Task objective => Set out exactly every line of the entries below, starting at the line that holds "县安委会副主任、副县长仁青加措与各乡镇乡镇长签订安全生产目标管理责任书。" and stopping after the line that holds "143㎡奢华配置型(4 房 2".

Records for the task =>
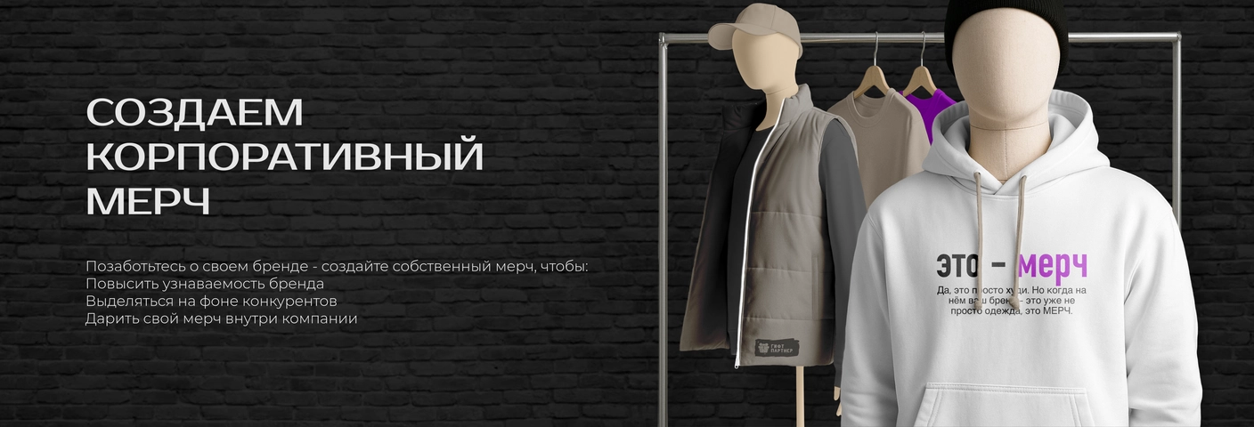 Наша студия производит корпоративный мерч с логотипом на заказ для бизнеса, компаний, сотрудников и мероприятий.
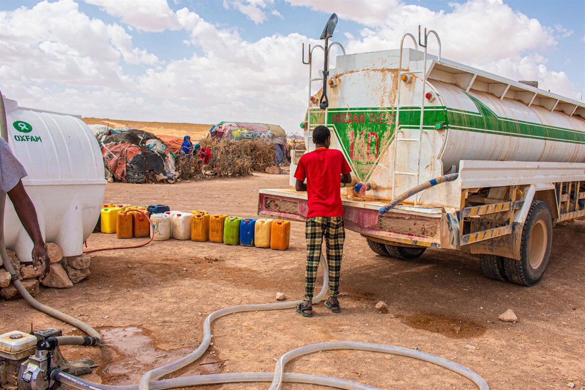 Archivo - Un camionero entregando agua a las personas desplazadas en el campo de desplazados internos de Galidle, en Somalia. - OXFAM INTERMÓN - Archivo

* * *

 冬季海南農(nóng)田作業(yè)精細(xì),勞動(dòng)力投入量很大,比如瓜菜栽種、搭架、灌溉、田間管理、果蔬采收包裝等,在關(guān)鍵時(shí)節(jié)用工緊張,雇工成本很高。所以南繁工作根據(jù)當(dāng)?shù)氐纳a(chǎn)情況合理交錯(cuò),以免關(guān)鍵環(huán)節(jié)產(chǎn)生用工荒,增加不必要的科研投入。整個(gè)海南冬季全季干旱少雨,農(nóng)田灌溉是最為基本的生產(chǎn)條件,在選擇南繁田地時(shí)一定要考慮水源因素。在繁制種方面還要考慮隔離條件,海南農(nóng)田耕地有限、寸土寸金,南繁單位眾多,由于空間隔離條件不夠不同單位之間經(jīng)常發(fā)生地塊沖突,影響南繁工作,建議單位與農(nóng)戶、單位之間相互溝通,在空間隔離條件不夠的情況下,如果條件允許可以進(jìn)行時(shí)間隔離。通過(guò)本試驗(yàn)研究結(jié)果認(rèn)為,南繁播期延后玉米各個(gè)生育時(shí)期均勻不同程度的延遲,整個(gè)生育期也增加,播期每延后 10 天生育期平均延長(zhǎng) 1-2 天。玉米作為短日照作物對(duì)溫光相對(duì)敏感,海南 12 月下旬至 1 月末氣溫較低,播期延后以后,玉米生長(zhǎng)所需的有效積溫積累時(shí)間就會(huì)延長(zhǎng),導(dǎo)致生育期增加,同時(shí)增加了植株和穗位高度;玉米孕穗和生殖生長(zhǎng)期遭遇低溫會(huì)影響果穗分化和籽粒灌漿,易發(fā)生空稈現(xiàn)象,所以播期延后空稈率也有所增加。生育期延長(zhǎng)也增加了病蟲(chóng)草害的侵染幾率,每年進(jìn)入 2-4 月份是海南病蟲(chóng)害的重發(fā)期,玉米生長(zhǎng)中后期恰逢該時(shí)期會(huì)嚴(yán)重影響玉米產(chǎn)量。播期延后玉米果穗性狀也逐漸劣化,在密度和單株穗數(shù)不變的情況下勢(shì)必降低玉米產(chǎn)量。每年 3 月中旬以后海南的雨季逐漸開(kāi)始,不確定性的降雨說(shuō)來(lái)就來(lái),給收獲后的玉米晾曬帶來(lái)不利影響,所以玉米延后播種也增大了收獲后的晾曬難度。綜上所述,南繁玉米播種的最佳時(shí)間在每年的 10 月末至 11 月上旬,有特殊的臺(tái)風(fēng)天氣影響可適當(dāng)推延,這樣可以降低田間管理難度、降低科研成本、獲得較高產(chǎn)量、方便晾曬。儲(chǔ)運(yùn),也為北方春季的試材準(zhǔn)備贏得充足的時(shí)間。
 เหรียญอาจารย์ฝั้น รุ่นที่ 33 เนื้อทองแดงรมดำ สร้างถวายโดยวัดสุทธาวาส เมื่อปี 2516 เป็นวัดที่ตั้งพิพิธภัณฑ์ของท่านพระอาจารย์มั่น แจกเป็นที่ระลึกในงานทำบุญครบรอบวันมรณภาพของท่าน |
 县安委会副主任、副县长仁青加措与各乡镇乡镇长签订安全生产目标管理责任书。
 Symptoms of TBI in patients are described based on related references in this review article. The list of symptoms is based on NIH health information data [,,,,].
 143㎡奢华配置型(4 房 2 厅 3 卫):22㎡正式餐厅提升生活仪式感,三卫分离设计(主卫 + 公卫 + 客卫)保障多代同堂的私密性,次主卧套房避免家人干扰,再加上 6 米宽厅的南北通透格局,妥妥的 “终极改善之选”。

---

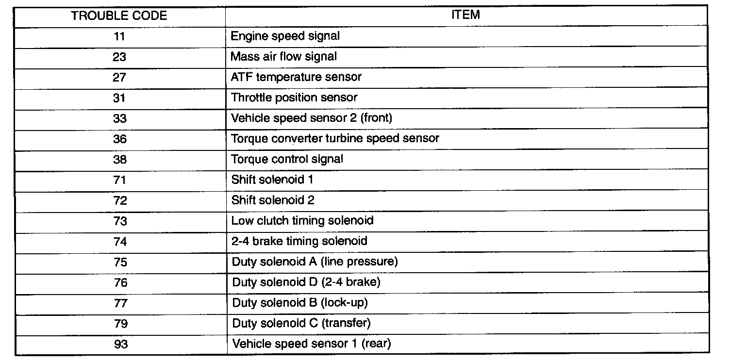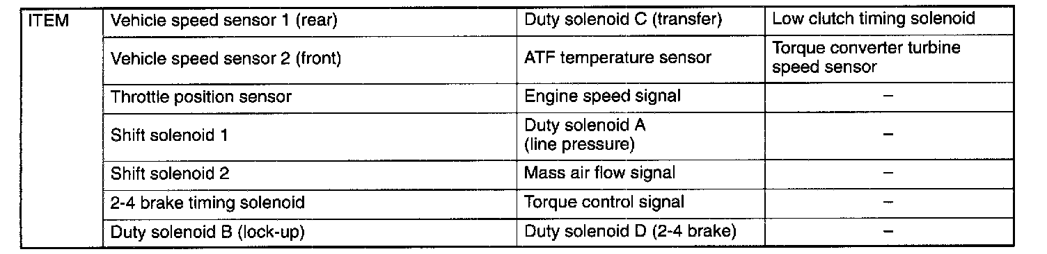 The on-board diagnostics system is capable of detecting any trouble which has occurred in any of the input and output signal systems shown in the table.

Your response =>
 县安委会副主任、副县长仁青加措与各乡镇乡镇长签订安全生产目标管理责任书。
 Symptoms of TBI in patients are described based on related references in this review article. The list of symptoms is based on NIH health information data [,,,,].
 143㎡奢华配置型(4 房 2 厅 3 卫):22㎡正式餐厅提升生活仪式感,三卫分离设计(主卫 + 公卫 + 客卫)保障多代同堂的私密性,次主卧套房避免家人干扰,再加上 6 米宽厅的南北通透格局,妥妥的 “终极改善之选”。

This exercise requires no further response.